As mentioned above, the report appears schizophrenic in its approach to the topic, as if it is somehow subverting the ostensible intent of the document, or as if there were two very different authors. And the report does indeed have two authors, Alexander Meleagrou-Hitchens and Hans Brun.
I don’t know anything about Hans Brun, but Mr. Hitchens (the son of the late Christopher Hitchens) seems not be a shill for the Multicultural Left. He has contributed to The Weekly Standard — hardly an organ of the Left — and is considered enough of a right-wing ideologue to merit his own Powerbase entry. In other words, he’s not someone you would expect to be viewed positively by Hope not Hate.
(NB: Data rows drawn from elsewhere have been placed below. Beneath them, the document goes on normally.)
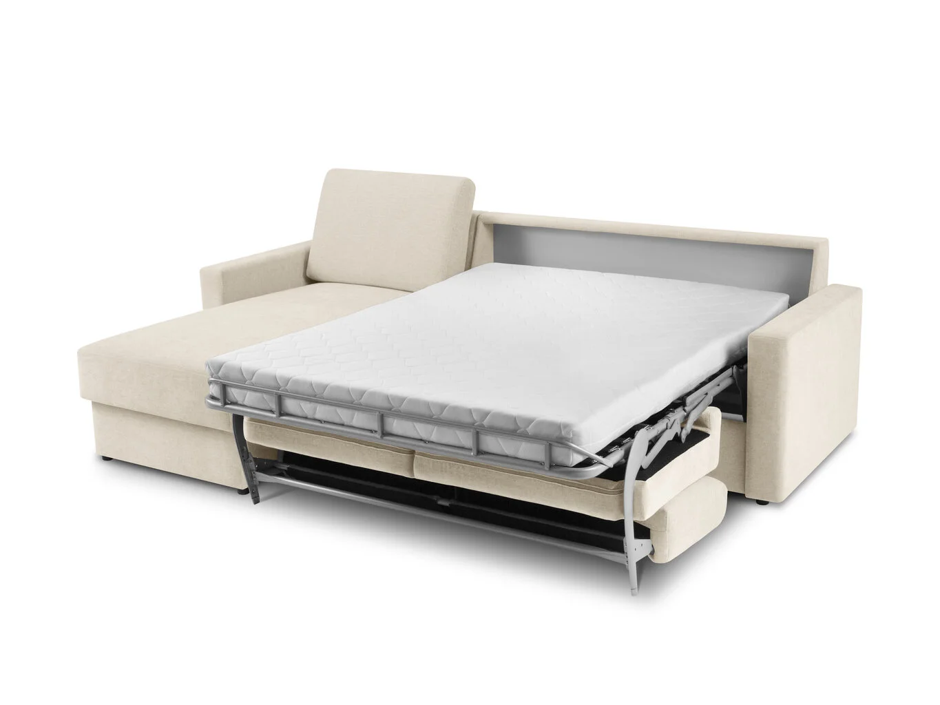 Yksi tämän huonekalun ilmeisimmistä eduista on tilansäästö: niin kauan kuin huonekaluja ei pureta, se vie huomattavasti vähemmän tilaa. Tästä syystä tällä toiminnolla varustetut huonekalut valitsevat useimmiten ne, joiden on laskettava huolellisesti jokainen vapaa tuuma. Pehmeä kulmasohva Windsor&Co Portia S, beige sopii erinomaisesti myös suurempiin tiloihin: joten siellä on enemmän tilaa muille yksityiskohdille. Useimmissa tämän tyyppisissä huonekaluissa on liinavaatelaatikko sisällä – näin tavaroiden säilytysongelma ratkeaa taas.
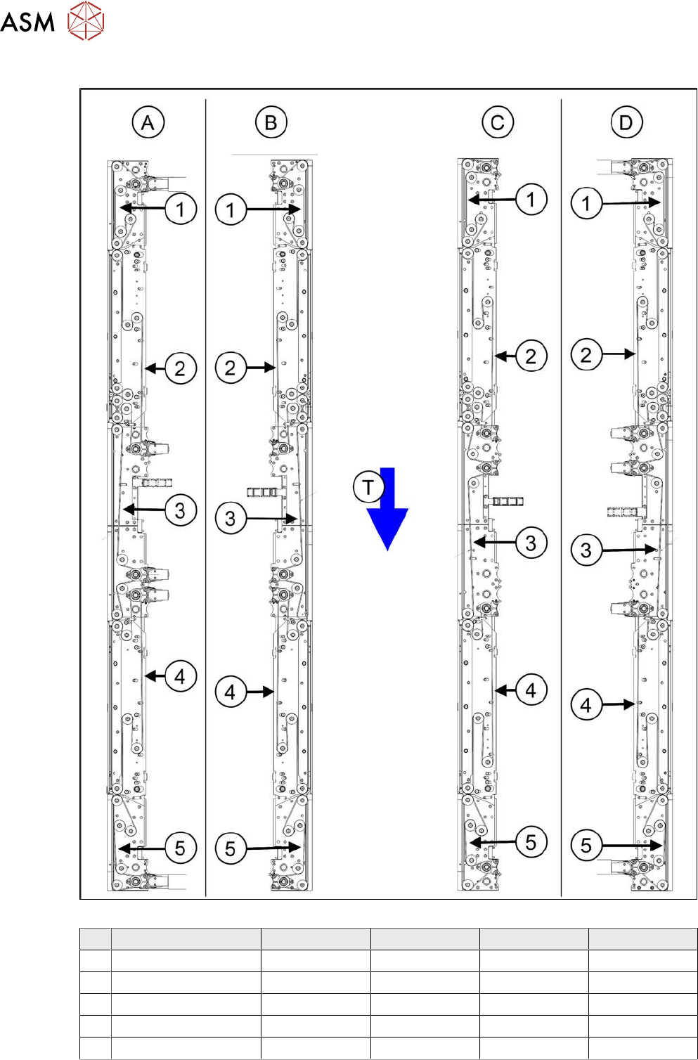 7 Transport 7.6 Transportband, Bandantrieb und Sechskantwelle 252 Serviceanleitung SIPLACE X-Serie S 06/2019 Übersicht Messstellen und –werte Abb.317: Übersicht Messstellen und –werte Wange Wange A Wange B Wange C Wange…
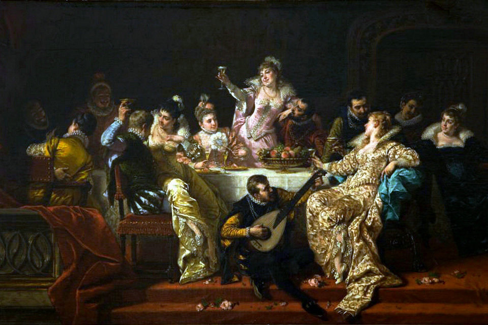 • El Simposio Griego: Dividido en dos partes (comida y bebida), era el espacio para la formación ciudadana. La posición reclinada y la copa compartida simbolizaban una igualdad relativa entre los “aristoi” (los mejores).
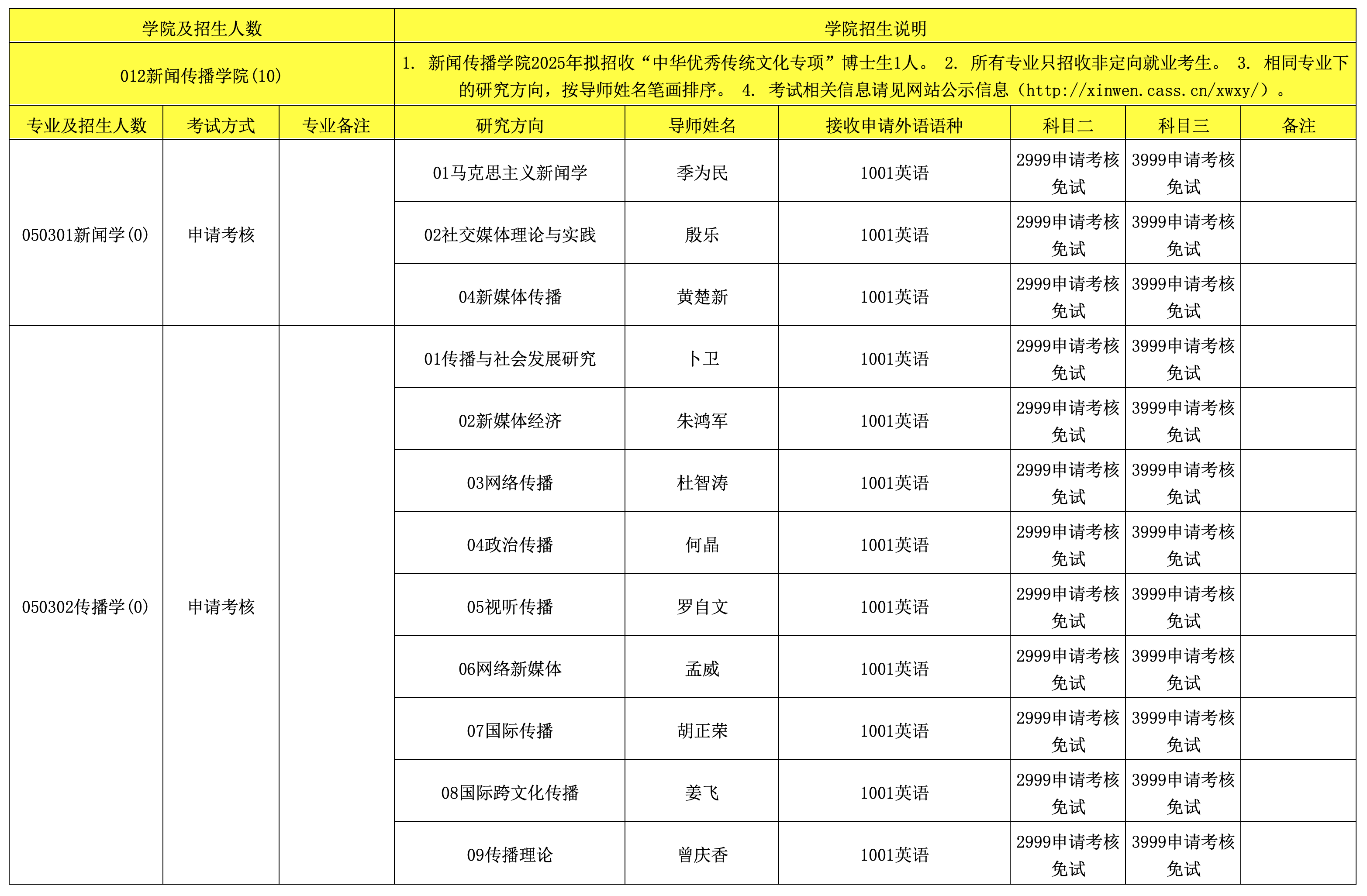 新聞傳播學院2025年博士研究生招生專業(yè)目錄

Although its ostensible focus is on the EDL, the report devotes more attention to activists and websites of the American Counterjihad than it does to Tommy Robinson. Pamela Geller, Robert Spencer, Gates of Vienna (blush) and other Americans and their sites receive massive coverage in this document. Try searching on “Geller”, “Atlas”, “Spencer”, “Gates”, and so on, and you’ll see what I mean.
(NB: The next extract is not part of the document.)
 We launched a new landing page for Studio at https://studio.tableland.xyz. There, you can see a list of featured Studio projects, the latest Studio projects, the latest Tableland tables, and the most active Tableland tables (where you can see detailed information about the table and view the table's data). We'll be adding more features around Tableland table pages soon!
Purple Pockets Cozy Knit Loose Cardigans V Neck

This transatlantic focus is part of the ongoing effort by the Left to depict anti-Islamization movements in Europe as somehow instigated and/or directed by American agitators, who are seen as behind-the-scenes funders and pullers of strings for their European protégés.
My analysis below will focus mainly on those parts of the American and European Counterjihad with which I’m most familiar, which means that I will omit coverage of much of the text on the EDL. That task will be left to one of our British correspondents, and will appear as Part 3 of this report.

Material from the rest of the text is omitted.